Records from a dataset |
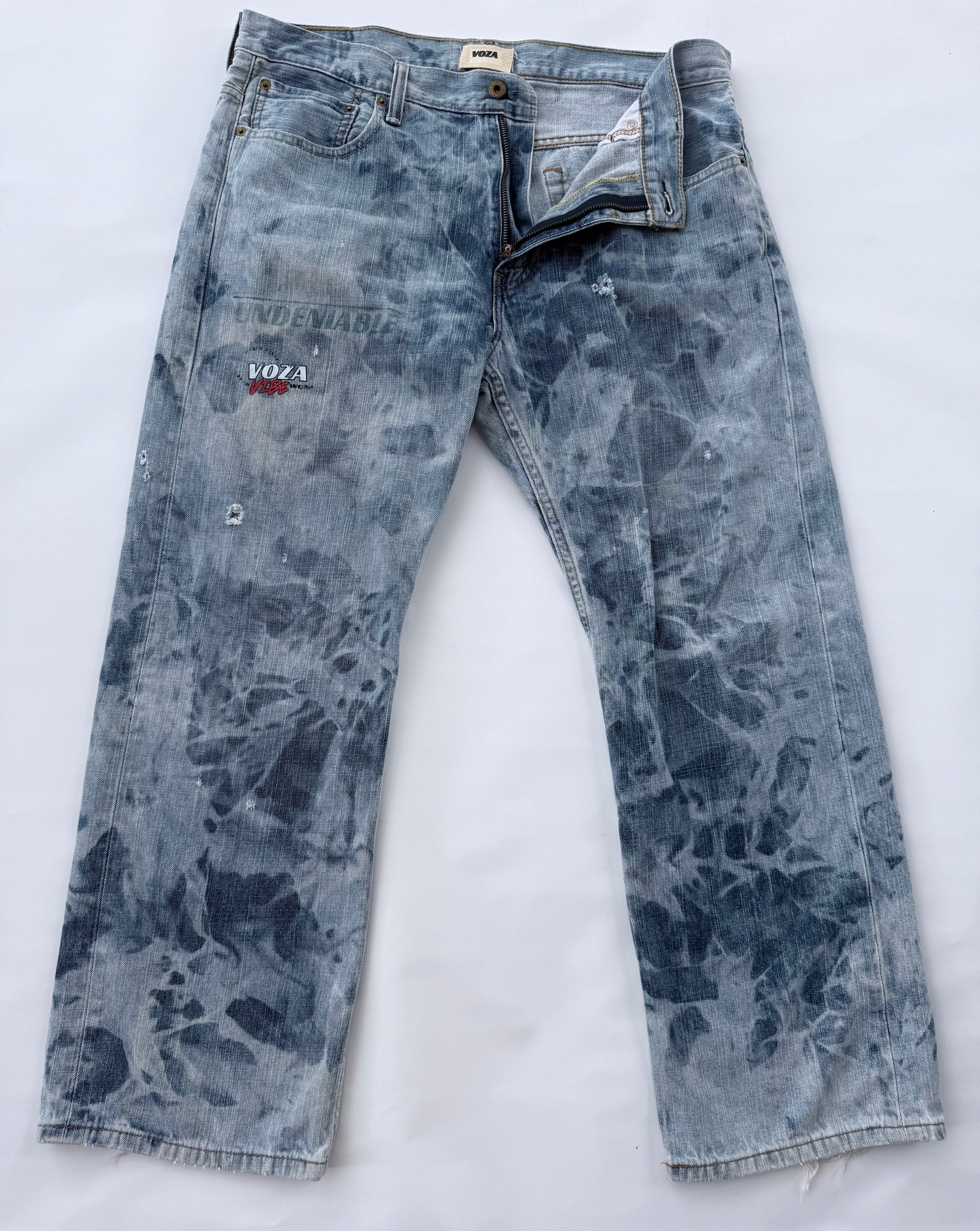 These reworked Voza jeans are a bold fusion of grit and street artistry. Originally Levi’s denim, they’ve been transformed with hand-bleached patterns, subtle distressing, and signature Voza details—making them a one-of-one statement piece.
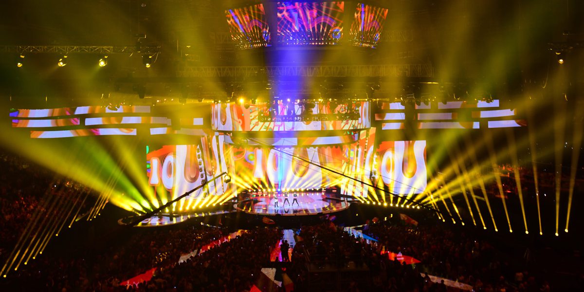 The predominantly Claypaky rig for JESC included Claypaky Scenius Unico, Claypaky Mythos 2, Claypaky Scenius Spot, Claypaky Sharpy, Claypaky Axcor Beam 300, Axcor Profile 600, Claypaky A.leda B-EYE K20, Claypaky Stormy CC, Claypaky Sharpy Wash, Claypaky Sharpy Wash, Claypaky Shotlight Wash, and Claypaky Alpha Spot 1500.
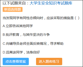 銀河觀點:大學生安全知識考試題庫涉同性戀試題點評
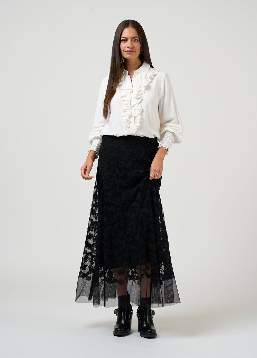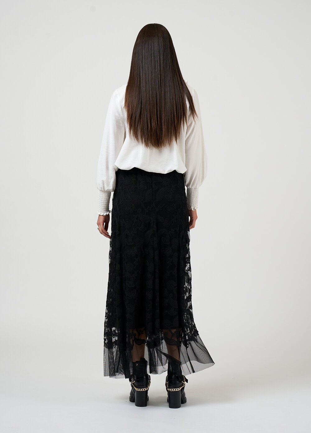 Embroidered tulle midi skirt, with the intricate embroidery is placed to stop short of the hem, creating a subtle border. Featuring a stretch jersey lining, with an elasticated side-back waist, and zip entry for ease and comfort.
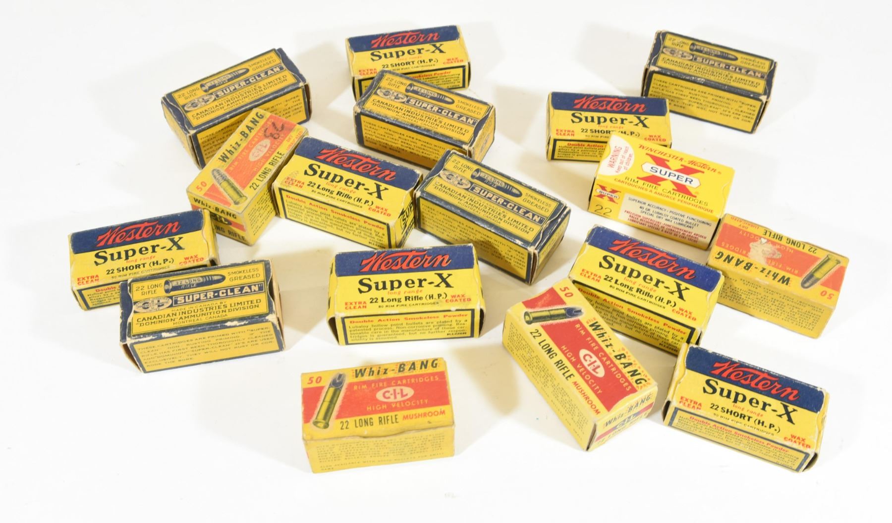 17 Empty Collector Boxes of Assorted 22 Ammo
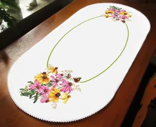 Zestaw do haftu - Bieżnik owalny - Kolorowe kwiaty Zestaw do haftu zawiera: bieżnik owalny Aida z koronką 50x110 cm, 14ct (gęstość 54 oczek/10 cm), 100% bawełna, biała koronka, mulinę, igłę oraz kolorowy wzór graficzny. Rozmiar w krzyżykach: 270 x 597 Rozmiar w cm: 50 x 110 Rozmiar w calach:

Aim of the task |
Transcribe the complete set of entries verbatim. No pictures belong in the copy.

Output of the task |
 These reworked Voza jeans are a bold fusion of grit and street artistry. Originally Levi’s denim, they’ve been transformed with hand-bleached patterns, subtle distressing, and signature Voza details—making them a one-of-one statement piece.
 The predominantly Claypaky rig for JESC included Claypaky Scenius Unico, Claypaky Mythos 2, Claypaky Scenius Spot, Claypaky Sharpy, Claypaky Axcor Beam 300, Axcor Profile 600, Claypaky A.leda B-EYE K20, Claypaky Stormy CC, Claypaky Sharpy Wash, Claypaky Sharpy Wash, Claypaky Shotlight Wash, and Claypaky Alpha Spot 1500.
 銀河觀點:大學生安全知識考試題庫涉同性戀試題點評
 Embroidered tulle midi skirt, with the intricate embroidery is placed to stop short of the hem, creating a subtle border. Featuring a stretch jersey lining, with an elasticated side-back waist, and zip entry for ease and comfort.
 17 Empty Collector Boxes of Assorted 22 Ammo
 Zestaw do haftu - Bieżnik owalny - Kolorowe kwiaty Zestaw do haftu zawiera: bieżnik owalny Aida z koronką 50x110 cm, 14ct (gęstość 54 oczek/10 cm), 100% bawełna, biała koronka, mulinę, igłę oraz kolorowy wzór graficzny. Rozmiar w krzyżykach: 270 x 597 Rozmiar w cm: 50 x 110 Rozmiar w calach:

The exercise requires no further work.